[SOURCE DATA — start]

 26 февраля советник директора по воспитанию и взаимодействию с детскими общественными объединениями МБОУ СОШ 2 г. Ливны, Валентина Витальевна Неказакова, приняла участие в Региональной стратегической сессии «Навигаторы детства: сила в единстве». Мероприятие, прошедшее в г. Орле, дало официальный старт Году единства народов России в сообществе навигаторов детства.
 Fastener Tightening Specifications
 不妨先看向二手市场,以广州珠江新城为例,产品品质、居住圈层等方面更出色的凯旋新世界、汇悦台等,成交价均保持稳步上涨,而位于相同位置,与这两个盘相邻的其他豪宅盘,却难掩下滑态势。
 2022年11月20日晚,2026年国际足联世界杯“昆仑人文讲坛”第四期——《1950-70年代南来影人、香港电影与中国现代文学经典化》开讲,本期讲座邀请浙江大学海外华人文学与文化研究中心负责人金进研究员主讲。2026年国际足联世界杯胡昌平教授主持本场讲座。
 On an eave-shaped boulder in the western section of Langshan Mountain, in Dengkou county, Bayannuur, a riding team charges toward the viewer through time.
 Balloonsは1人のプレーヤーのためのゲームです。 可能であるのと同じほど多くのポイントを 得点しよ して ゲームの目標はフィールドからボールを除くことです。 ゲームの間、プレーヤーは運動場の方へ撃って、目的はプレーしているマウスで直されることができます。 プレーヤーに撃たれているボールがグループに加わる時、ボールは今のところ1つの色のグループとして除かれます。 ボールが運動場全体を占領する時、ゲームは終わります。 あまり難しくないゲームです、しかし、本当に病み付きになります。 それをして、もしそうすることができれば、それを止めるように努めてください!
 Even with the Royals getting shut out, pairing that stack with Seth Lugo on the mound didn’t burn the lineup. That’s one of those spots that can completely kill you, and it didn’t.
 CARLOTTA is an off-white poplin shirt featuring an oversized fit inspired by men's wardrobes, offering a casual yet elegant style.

[SOURCE DATA — finish]
[SOURCE DATA — start]

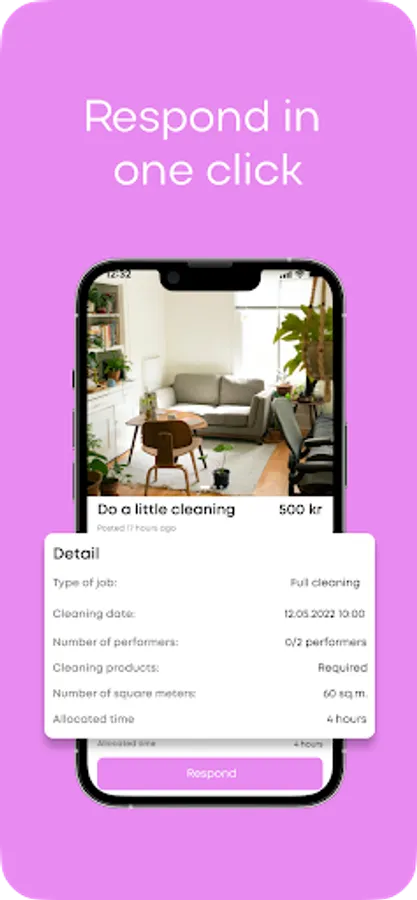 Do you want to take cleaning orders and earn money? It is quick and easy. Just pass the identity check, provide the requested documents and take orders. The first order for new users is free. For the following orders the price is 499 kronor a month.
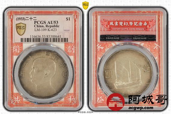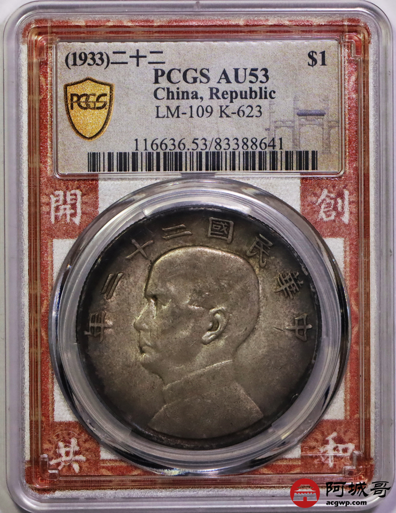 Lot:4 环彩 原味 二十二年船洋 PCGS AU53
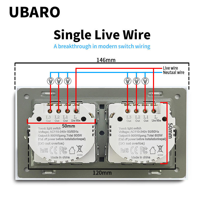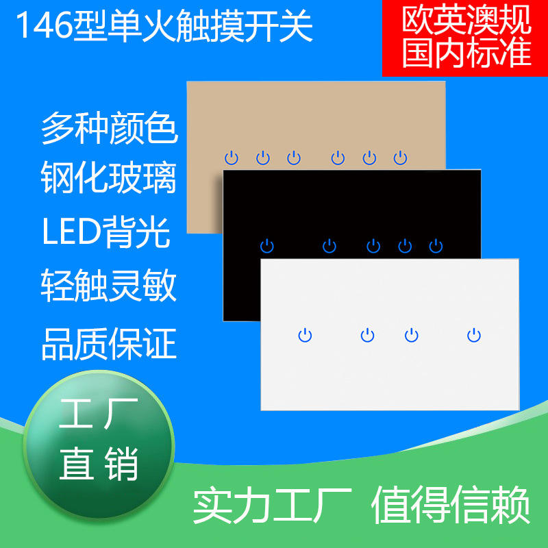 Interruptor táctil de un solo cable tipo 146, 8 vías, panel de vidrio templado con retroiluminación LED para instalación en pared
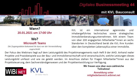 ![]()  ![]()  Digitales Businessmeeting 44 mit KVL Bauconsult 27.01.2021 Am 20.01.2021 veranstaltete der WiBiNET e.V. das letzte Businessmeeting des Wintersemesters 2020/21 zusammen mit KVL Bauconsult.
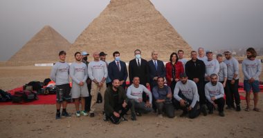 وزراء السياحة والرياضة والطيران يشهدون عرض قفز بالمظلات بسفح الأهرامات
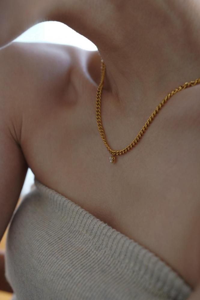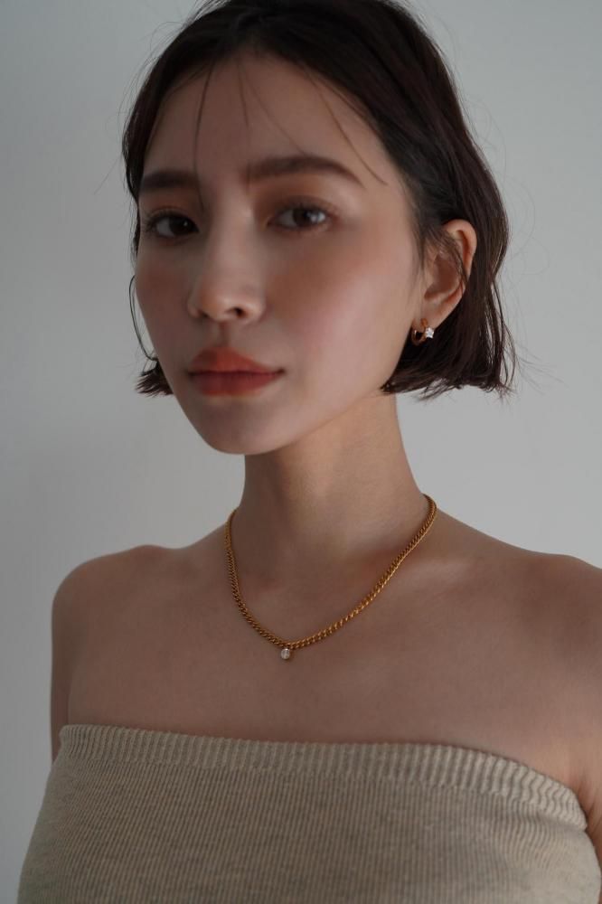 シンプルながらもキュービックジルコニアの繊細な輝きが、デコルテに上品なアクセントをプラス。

[SOURCE DATA — finish]

An exact copy of the lines above between the line holding "26 февраля советник" and the line holding "CARLOTTA is an", inclusive, is the whole answer.

 26 февраля советник директора по воспитанию и взаимодействию с детскими общественными объединениями МБОУ СОШ 2 г. Ливны, Валентина Витальевна Неказакова, приняла участие в Региональной стратегической сессии «Навигаторы детства: сила в единстве». Мероприятие, прошедшее в г. Орле, дало официальный старт Году единства народов России в сообществе навигаторов детства.
 Fastener Tightening Specifications
 不妨先看向二手市场,以广州珠江新城为例,产品品质、居住圈层等方面更出色的凯旋新世界、汇悦台等,成交价均保持稳步上涨,而位于相同位置,与这两个盘相邻的其他豪宅盘,却难掩下滑态势。
 2022年11月20日晚,2026年国际足联世界杯“昆仑人文讲坛”第四期——《1950-70年代南来影人、香港电影与中国现代文学经典化》开讲,本期讲座邀请浙江大学海外华人文学与文化研究中心负责人金进研究员主讲。2026年国际足联世界杯胡昌平教授主持本场讲座。
 On an eave-shaped boulder in the western section of Langshan Mountain, in Dengkou county, Bayannuur, a riding team charges toward the viewer through time.
 Balloonsは1人のプレーヤーのためのゲームです。 可能であるのと同じほど多くのポイントを 得点しよ して ゲームの目標はフィールドからボールを除くことです。 ゲームの間、プレーヤーは運動場の方へ撃って、目的はプレーしているマウスで直されることができます。 プレーヤーに撃たれているボールがグループに加わる時、ボールは今のところ1つの色のグループとして除かれます。 ボールが運動場全体を占領する時、ゲームは終わります。 あまり難しくないゲームです、しかし、本当に病み付きになります。 それをして、もしそうすることができれば、それを止めるように努めてください!
 Even with the Royals getting shut out, pairing that stack with Seth Lugo on the mound didn’t burn the lineup. That’s one of those spots that can completely kill you, and it didn’t.
 CARLOTTA is an off-white poplin shirt featuring an oversized fit inspired by men's wardrobes, offering a casual yet elegant style.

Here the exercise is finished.